How to group multiple subqueries in the same output row

Question

I'm trying to extract transaction details from two already existing tables:

transactions, containing the total amount received,
bills, with a row for each bill received in the transaction, and containing the denomination of the bill.

Both are indexed with a common session id. [Correction: only the transactions table is indexed on session id.]

I've joined the tables and made subqueries to count the number of each bill denomination per transaction (how many 10s, 20s, etc.). I want to get one record for each transaction with all the counts on the same row.

I made it as far as this query:

SELECT
t.session,
to_char(t.amount::numeric, '"$"9990D99') AS "USD",
(select count(b.denom) where b.denom = '50' ) AS "50",
(select count(b.denom) where b.denom = '20') AS "20",
(select count(b.denom) where b.denom = '10') AS "10",
(select count(b.denom) where b.denom = '5') AS "5",
(select count(b.denom) where b.denom = '1') AS "1"

FROM transactions AS t JOIN bills AS b USING (session)
GROUP BY
t.session, t.amount, b.denom
ORDER BY 
t.session,
b.denom ASC;

... which correctly gives me the bill counts, but with one row for each denomination:

   session    |    USD    | 50 | 20 | 10 | 5 | 1
--------------+-----------+----+----+----+---+----
 c64af32f1815 | $  135.00 |    |    |    | 1 |
 c64af32f1815 | $  135.00 |    |    |  1 |   |
 c64af32f1815 | $  135.00 |    |  6 |    |   |
 643e096b6542 | $  175.00 |    |    |    |   | 10
 643e096b6542 | $  175.00 |    |    |    | 1 |
 643e096b6542 | $  175.00 |    |  8 |    |   |
 ce7d2c647eff | $  200.00 |  4 |    |    |   |

What I want is this, with one row per transaction:

   session    |    USD    | 50 | 20 | 10 | 5 | 1
--------------+-----------+----+----+----+---+----
 c64af32f1815 | $  135.00 |    |  6 |  1 | 1 |
 643e096b6542 | $  175.00 |    |  8 |    | 1 | 10
 ce7d2c647eff | $  200.00 |  4 |    |    |   |

What do I need to understand to fix this query?

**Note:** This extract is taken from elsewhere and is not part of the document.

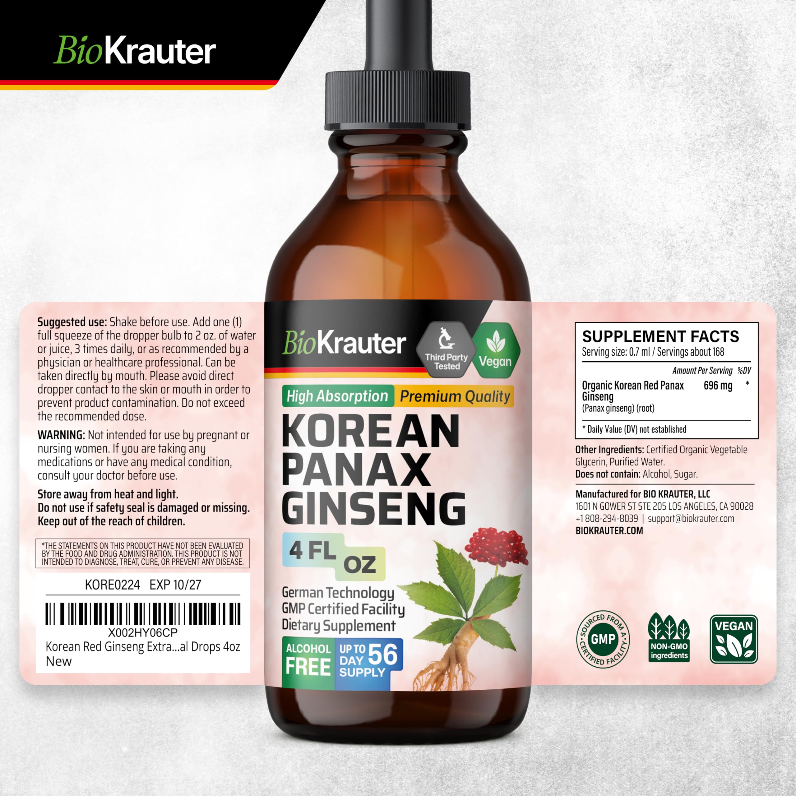 No Bitter Taste: Ginseng drops by BioKrauter are crafted with glycerin, which naturally eliminates bitterness, ensuring a smooth and pleasant flavor without the need for any added sugars.

Revised Query (following @erwin suggestion to avoid subqueries):

SELECT
t.session,
to_char(t.amount::numeric, '"$"9990D99') AS "USD",
COUNT(NULLIF(b.denom = '100', FALSE)) AS "100",
COUNT(NULLIF(b.denom = '50', FALSE)) AS "50",
COUNT(NULLIF(b.denom = '20', FALSE)) AS "20",
COUNT(NULLIF(b.denom = '10', FALSE)) AS "10",
COUNT(NULLIF(b.denom = '5', FALSE)) AS "5",
COUNT(NULLIF(b.denom = '1', FALSE)) AS "1"

FROM transactions AS t JOIN bills AS b USING (session)
GROUP BY
t.session, t.amount, b.denom
ORDER BY 
t.session,
b.denom ASC;

This query still generates one line of output for each aggregate (count) function call.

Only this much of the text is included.